SeanLee97/AnglE

Code embeddings

Opened this issue · 7 comments

Is there any information if this is also recommended for extracting embeddings from code snippets? In particular Javascipt and Solidity?

Hi @rragundez , Maybe you can have a try to WhereIsAI/UAE-Code-Large-V1. It was trained using the github-issue-similarity dataset, which contains some javascript code.

angle = AnglE.from_pretrained('WhereIsAI/UAE-Code-Large-V1').cuda()

angle.encode("YOUR CODE")

Let me try it and I'll comment back here the results

It did work but results over solidity code is not very good. thanks.

I am going to try with LLM trained on SOlidity code, but it has GGUF files, how would I use those in this library? for example:

https://huggingface.co/mradermacher/Solidity-Llama3-8b-GGUF

Would this work out of the box just putting the model name as the argument?

Yes. For LLM inference, you can check it document: https://angle.readthedocs.io/en/latest/notes/quickstart.html#infer-llm-based-models

Since this model hasn't been trained on sentence embedding learning, it is recommended to use some prompts to improve performance. You can specify a prompt with angle.encode(..., prompt="Here is a prompt: {text}.").
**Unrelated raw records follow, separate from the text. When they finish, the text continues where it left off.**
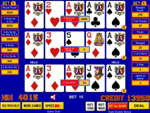 Play three hands at once with bets of up to five coins per hand. The first 5 cards are dealt face up. You choose which cards to hold, and those cards are automatically held in all three hands. After hitting the draw button, you get three different draws from three different decks. Triple Play Poker, IGT's most popular video poker game, includes Jacks or Better, Deuces Wild Poker, Double-Double Bonus Poker and more.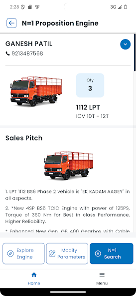 This is an app for Tata Motors Commercial vehicles sales team which offers following functionalities: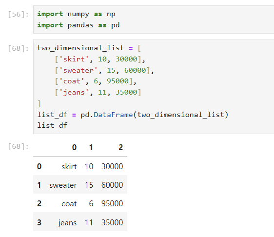 - 데이터프레임(DataFrame): 2차원 데이터 구조로, 엑셀의 스프레드시트(sheet)와 유사합니다. 여러 개의 시리즈가 모여서 형성된 구조로, 각각의 시리즈가 데이터프레임의 열(column)을 이룹니다. 행(row)과 열(column)로 이루어져 있으며, 각 행과 열은 인덱스로 구분됩니다. 즉, PANDAS가 표 모양으로 데이터를 다를 수 있는건 데이터프레임 기반이기 때문이다!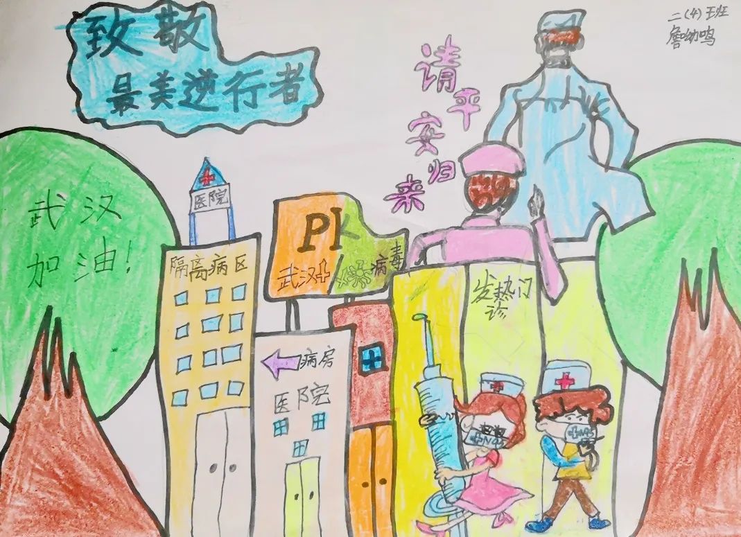 大女儿詹呦鸣的画作《致敬最美逆行者》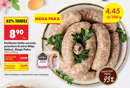 Kiełbasa biała surowa premium, Mega Paka, jest dostępna w ofercie Biedronka w cenie 8,90 zł za kilogram, co oznacza aż 62% taniej w porównaniu z ceną sprzed obniżki 23,99 zł. Produkt oferowany jest w ekonomicznej, dużej paczce. Idealnie nadaje się do przygotowania tradycyjnych polskich potraw, takich jak biała kiełbasa z żurkiem, pieczona na grillu lub jako dodatek do innych dań. Warto skorzystać z tej wyjątkowej okazji, aby zaopatrzyć się w wysokiej jakości kiełbasę w atrakcyjnej cenie, gdyż oferta dostępna jest wyłącznie w sklepach bez lady tradycyjnej.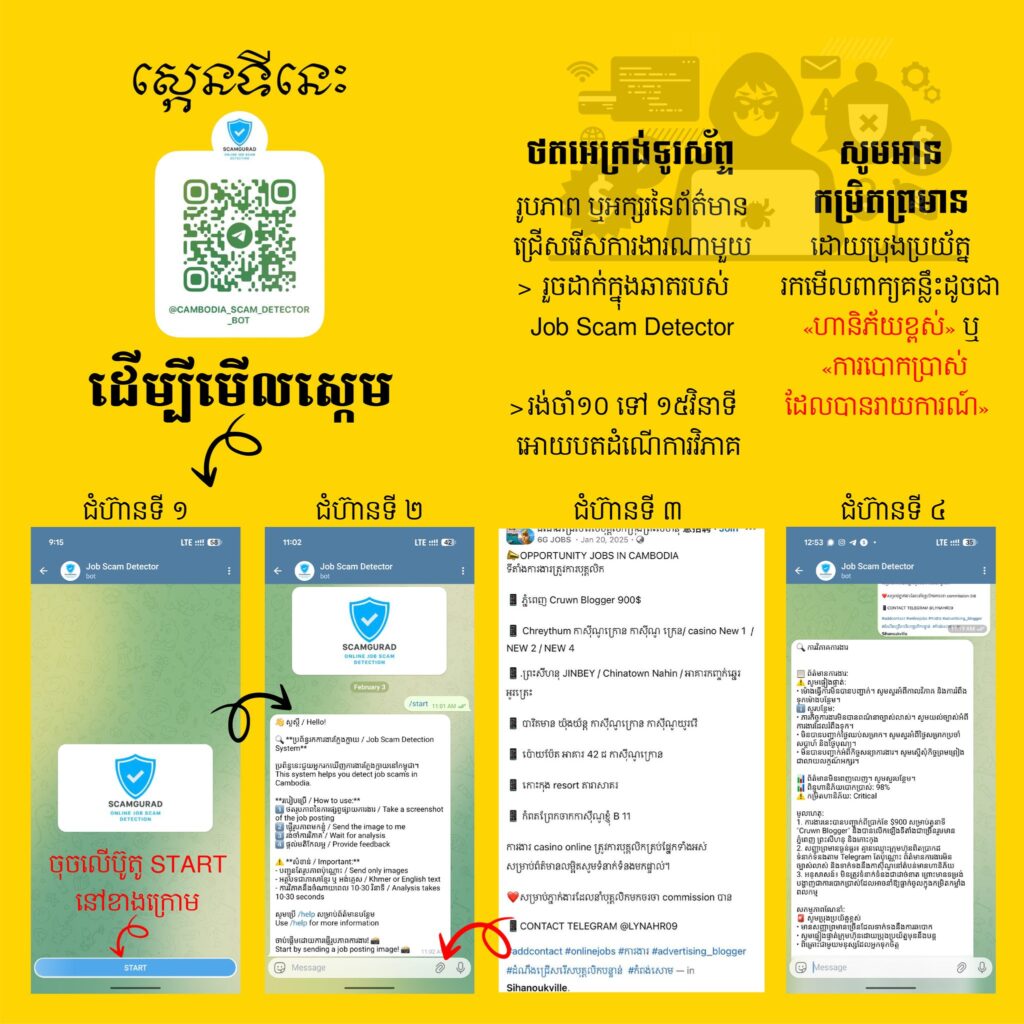 ចំណែកឯ Job Scam Detector អ្នកប្រើប្រាស់ចូលទៅកាន់កម្មវិធីតេឡេក្រាម រួចស្វែងរក ឈ្មោះ Job Scam Detector ឬ ចុចលើតំណភ្ជាប់ t.me/cambodia_scam_detector_bot។ អ្នកប្រើប្រាស់ត្រូវថតស្គីនសារដែលសង្ស័យ ដែលទទួលបានពីតេឡេក្រាម រួចផ្ញើចូលទៅ Telegram bot នោះ។ កម្មវិធីនឹងធ្វើការវិភាគ ដើម្បីកំណត់ពីកម្រិតនៃហានិភ័យ ដោយផ្តោតលើ សូចនាករហានិភ័យមួយចំនួនដូចជា៖

Yes. For LLM inference, you can check it document: https://angle.readthedocs.io/en/latest/notes/quickstart.html#infer-llm-based-models

Since this model hasn't been trained on sentence embedding learning, it is recommended to use some prompts to improve performance. You can specify a prompt with angle.encode(..., prompt="Here is a prompt: {text}.").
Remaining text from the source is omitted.